Problem to work on | Reproduce only the lines below from the line containing "Native tobacco is" to the line containing "Firenzo uit Nederweert", exactly as written, with both end lines kept. Omit the pictures.

Raw data Start Marker

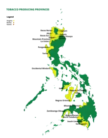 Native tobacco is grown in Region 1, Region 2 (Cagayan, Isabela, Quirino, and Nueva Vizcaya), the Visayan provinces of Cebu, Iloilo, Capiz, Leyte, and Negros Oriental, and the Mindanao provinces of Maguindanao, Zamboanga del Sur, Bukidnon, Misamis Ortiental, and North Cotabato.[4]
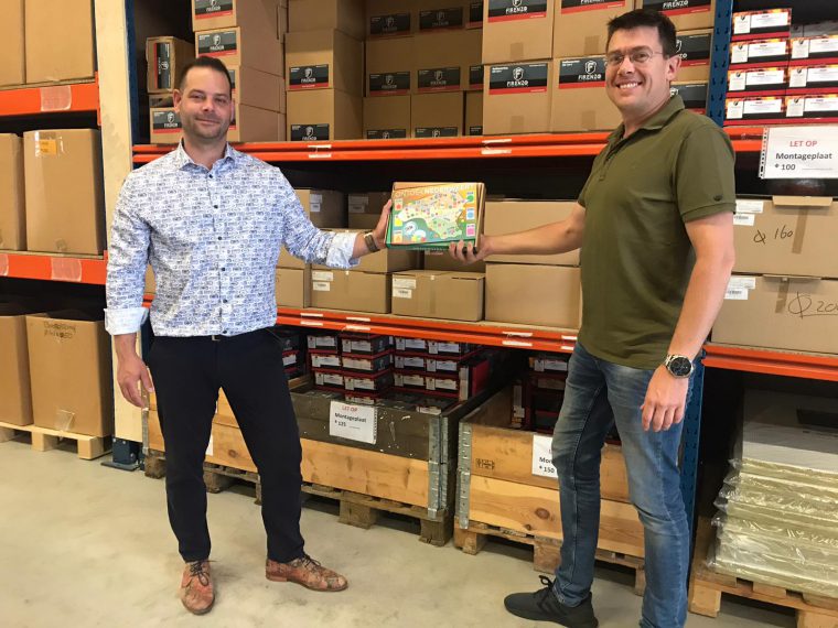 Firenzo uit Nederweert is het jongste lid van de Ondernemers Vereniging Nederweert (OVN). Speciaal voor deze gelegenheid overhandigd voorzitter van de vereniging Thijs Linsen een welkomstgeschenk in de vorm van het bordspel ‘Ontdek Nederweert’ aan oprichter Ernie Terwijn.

Raw data End Marker
Raw data Start Marker

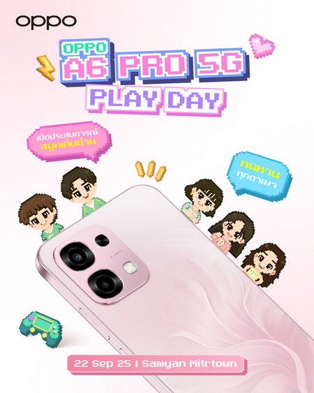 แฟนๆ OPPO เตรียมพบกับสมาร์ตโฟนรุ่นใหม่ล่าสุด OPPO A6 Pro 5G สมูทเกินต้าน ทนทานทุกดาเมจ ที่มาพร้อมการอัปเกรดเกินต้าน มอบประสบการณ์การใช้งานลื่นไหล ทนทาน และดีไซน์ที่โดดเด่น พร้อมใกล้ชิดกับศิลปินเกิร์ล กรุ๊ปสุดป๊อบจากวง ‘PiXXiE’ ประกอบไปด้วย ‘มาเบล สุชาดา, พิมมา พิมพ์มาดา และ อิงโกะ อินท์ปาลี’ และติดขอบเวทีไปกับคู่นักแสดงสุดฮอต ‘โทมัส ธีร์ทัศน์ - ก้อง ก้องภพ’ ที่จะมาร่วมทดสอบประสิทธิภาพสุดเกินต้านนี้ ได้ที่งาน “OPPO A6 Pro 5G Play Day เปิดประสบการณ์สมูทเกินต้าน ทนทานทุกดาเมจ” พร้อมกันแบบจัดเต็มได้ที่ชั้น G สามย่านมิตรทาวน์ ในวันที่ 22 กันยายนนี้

Raw data End Marker

Solution to this problem |
 Native tobacco is grown in Region 1, Region 2 (Cagayan, Isabela, Quirino, and Nueva Vizcaya), the Visayan provinces of Cebu, Iloilo, Capiz, Leyte, and Negros Oriental, and the Mindanao provinces of Maguindanao, Zamboanga del Sur, Bukidnon, Misamis Ortiental, and North Cotabato.[4]
 Firenzo uit Nederweert is het jongste lid van de Ondernemers Vereniging Nederweert (OVN). Speciaal voor deze gelegenheid overhandigd voorzitter van de vereniging Thijs Linsen een welkomstgeschenk in de vorm van het bordspel ‘Ontdek Nederweert’ aan oprichter Ernie Terwijn.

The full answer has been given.